A aposta na conversação, de abrir um intervalo entre essa mãe-toda e a criança, faz vacilar o estado de exasperação frente à filha com diagnóstico de autismo severo como se a única saída possível fosse estar o tempo-todo em vigília. O que temos para sustentar no laboratório, como num “protocolo aberto”, é possibilitar a invenção de um saber a respeito do que acontece, e não apenas a contenção da crise através do SAMU/SAMÃE.

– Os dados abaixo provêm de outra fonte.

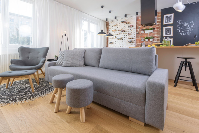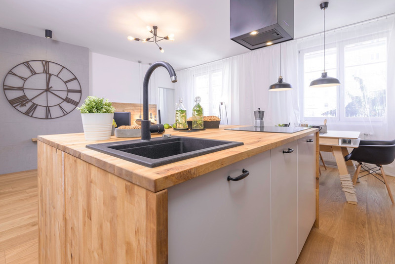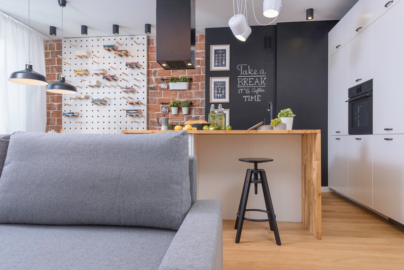 Funkcjonalne 2 pokoje z modernistyczną wyspą kuchenną.
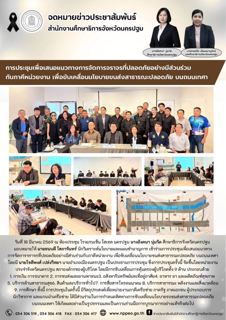 การจัดการจราจรที่ปลอดภัยอย่างมีส่วนร่วมกับภาคีหน่วยงาน เพื่อขับเคลื่อนนโยบายขนส่งสาธารณะปลอดภัย บนถนนเทศา โดยมี นายโชติพงศ์ เปล่งวิทยา นายอำเภอเมืองนครปฐม เป็นประธานการประชุม ซึ่งการประชุมครั้งนี้ จัดขึ้นโดยหน่วยงานประจำจังหวัดนครปฐม สภาองค์กรของผู้บริโภค โดยมีการขับเคลื่อนการคุ้มครองผู้บริโภคทั้ง 9 ด้าน ประกอบด้วย
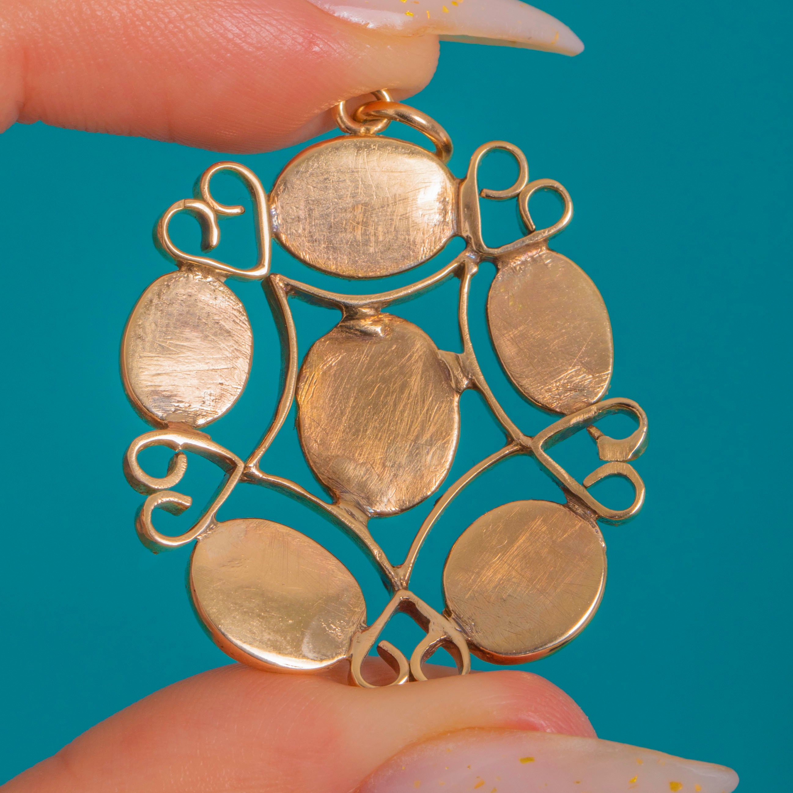 The openwork design feels airy and artisanal, with subtle irregularities that speak to its handmade origins. A simple jump-ring bail completes the piece, while the closed-back settings and gentle patina add depth and old-world charm.
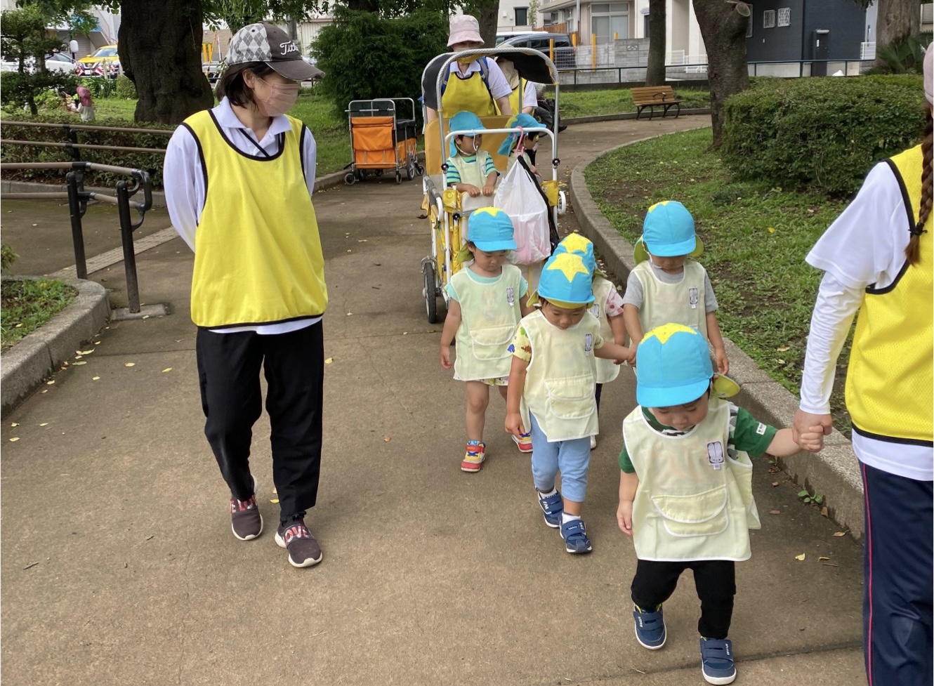 お散歩に行きました! 梅雨が明けてから、いっきに暑い夏日が続いていますね☀️ いとほし保育園では、天気がいい日に同じ服を着て散歩に行きます♪ この日は、散歩途中にダンゴムシがいたので、みんなでじっくり観察しました!👀 触ると丸くなるダンゴムシに興味津々な子どもたち✨ なんだか夏らしいですね♪ 暑いので、しっかり水分補給もします! みんな上手に座って、何杯もおかわりをしました!! 今年はどんな夏らしいことをしようかな〜?☀️ 楽しみだね!✨
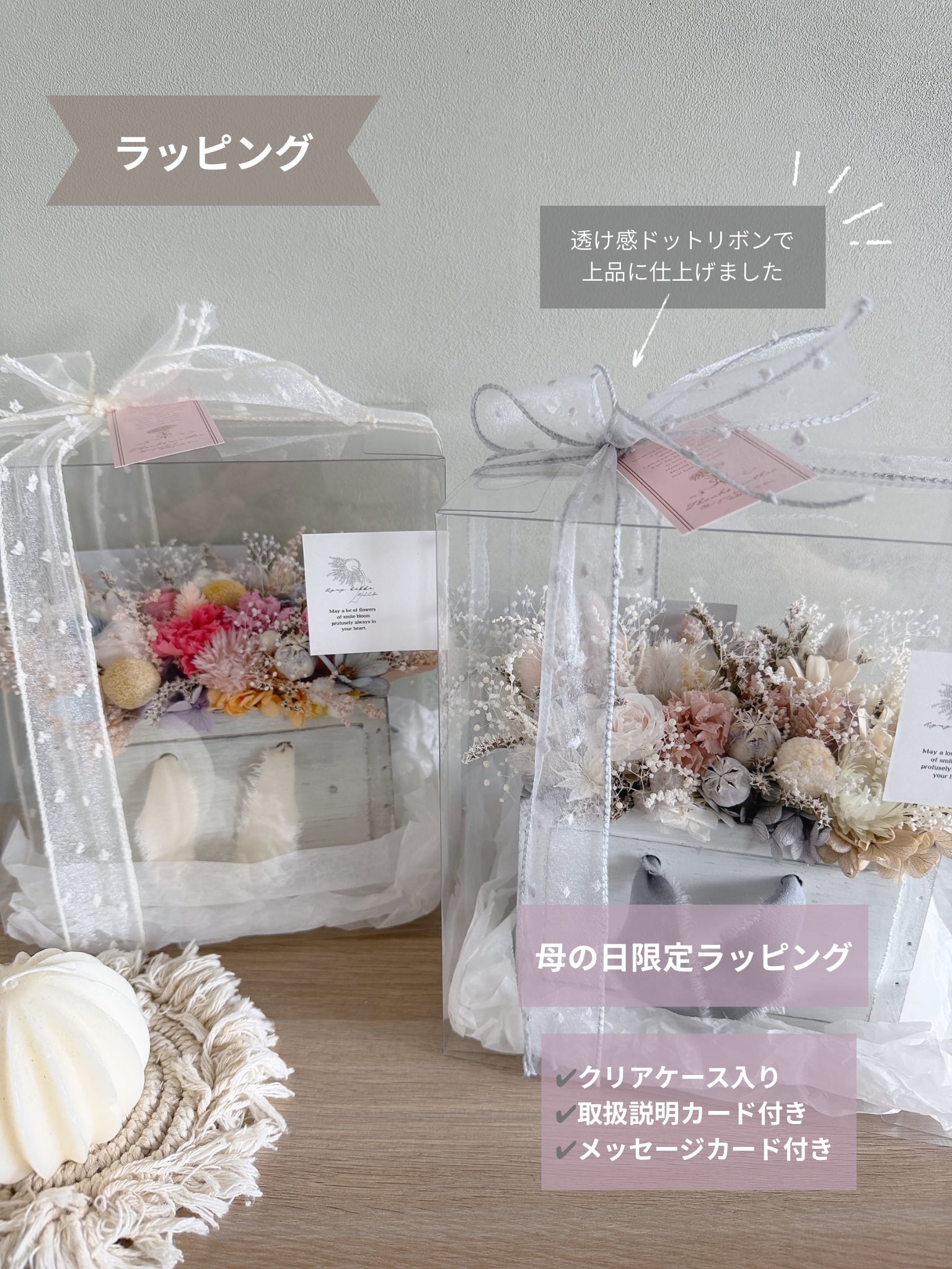 母の日仕様でラッピングした状態でお届けいたします。
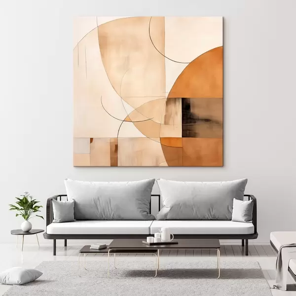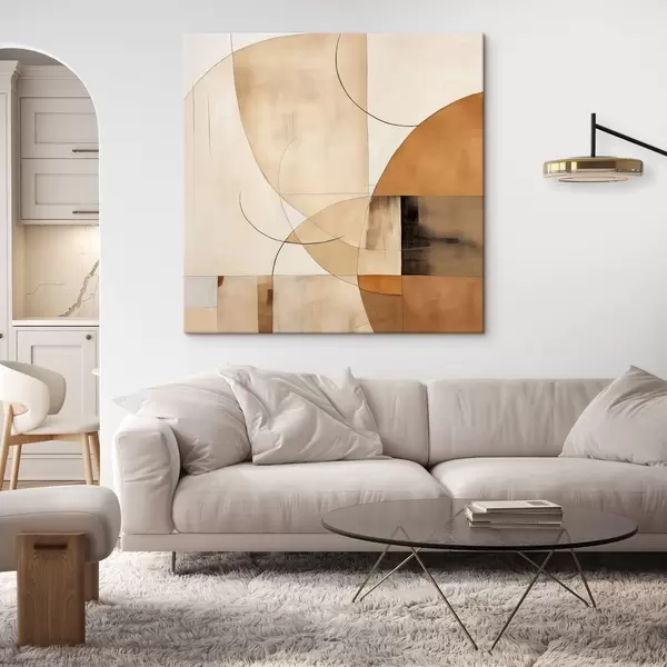 Schilderij Geometrische abstractie met gebogen lijnen en beige tinten Art. s46320
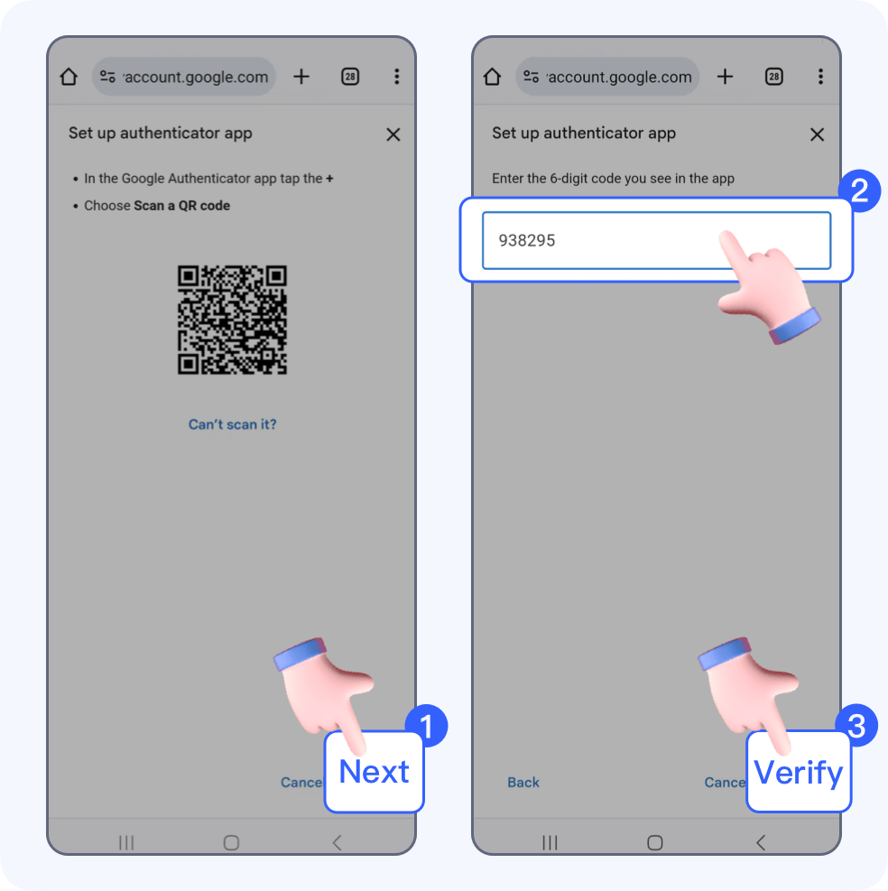 Return to Google, click Next, enter the 6-digit code and click Verify.

Outra mãe, que relata surpresa sobre não ter apanhado da filha, conta um final de semana raro de alívio. “(...) eu já tava toda preparada pra apanhar muito dentro do carro, porque iam ser dias sem a rotina dela, sem as terapias, uma viagem, imagina, cheia de mudanças, fora do que ela está acostumada, levei até um travesseiro pra por entre eu e a cadeirinha dela. E para a nossa surpresa a viagem foi incrível. A V. viajou calma, sorrindo, lá ela sentou na mesa pra comer, conseguiu se comunicar com a gente, aceitou todos os combinados, não teve nenhuma crise, foi uma maravilha”. Enquanto esta mãe ri gesticulando indagações e confusão aos outros pais, a intervenção se dá a partir da cessão dos excessos: “que interessante isso que acontece quando a V. fica livre de toda a agenda das terapias diárias, não é? O que será que aconteceu que sem essas demandas, sem essas horas de treinamento ela ficou mais organizada, mais regulada, como vocês chamam?!
Neste momento essa mãe cai em uma gargalhada, e rindo, devolve a pergunta, pedindo um saber de especialista, “o que tu acha que aconteceu? Se tu sabe me diz que eu quero saber”. E apostando num “respiro” do que está entre o tempo-todo, a intervenção acontece: “parece que tem excessos aí, mas hoje nós precisamos encerrar a conversa, e podemos continuar no próximo encontro”.
A aposta da Conversação é uma aposta sobre o corte: uma vez instalada a conversação o dom da palavra, é preciso saber que o corte terá lugar. [...] Precisamente que o quê se põe em jogo, o gozo do blá-blá-blá, ficará suspenso.6
Dos significantes que circulam destaca-se o saber, e se pudermos falar sobre efeitos de conversação, mencionamos o não saber, agora sem hífen e não absoluto, menos colado no diagnóstico e mais errante, com pequenas fissuras por onde possa passar o ar que empurra as crianças para um lado e os pais para o outro.
Desta forma, qual a aposta do CIEN nesta experiência? O discurso analítico que não ensina, mas pode desarmar o que se apresenta como pronto.
1 Texto elaborado a partir das discussões da vinheta prática do Laboratório Protocolo Aberto apresentada na Conversação NRC-CIEN- A emergência da exasperação entre a criança e o adulto. Efeitos do encontro com o discurso analítico. Buenos Aires, 2023.
2 Fernanda Segatto - Psicanalista, responsável pelo Laboratório Protocolo Aberto.
3 Marcia Frassão - Psicanalista, Coordenadora do CIEN-SC, Coordenadora do Pandorga (Núcleo de Pesquisa e Investigação da Clínica de Psicanálise com Crianças). Participante do Laboratório Protocolo Aberto.
4 Valesca Lopes - Psicanalista, Coordenadora do CIEN-SC, participante do Laboratório Protocolo Aberto. Responsável pelo Laboratório Encontro dos Saberes.
5 SAMU- Serviço de Atendimento Móvel de Urgência é um serviço brasileiro de atendimento médico pré-hospitalar, acionado em casos de emergência. Foi idealizado na França, em 1986, como Service d´aide médicale urgente- que faz uso da mesma sigla “SAMU”.
6 LAURENT, E. Retomar a definição do projeto do CIEN e examinar sua situação atual. In: Brown, N; Macêdo, L. e Lyra, R. (Orgs.) Trauma, Solidão e Laço na Infância e na Adolescência: experiências do CIEN no Brasil. Belo Horizonte: EBP Editora, 2017, p.43.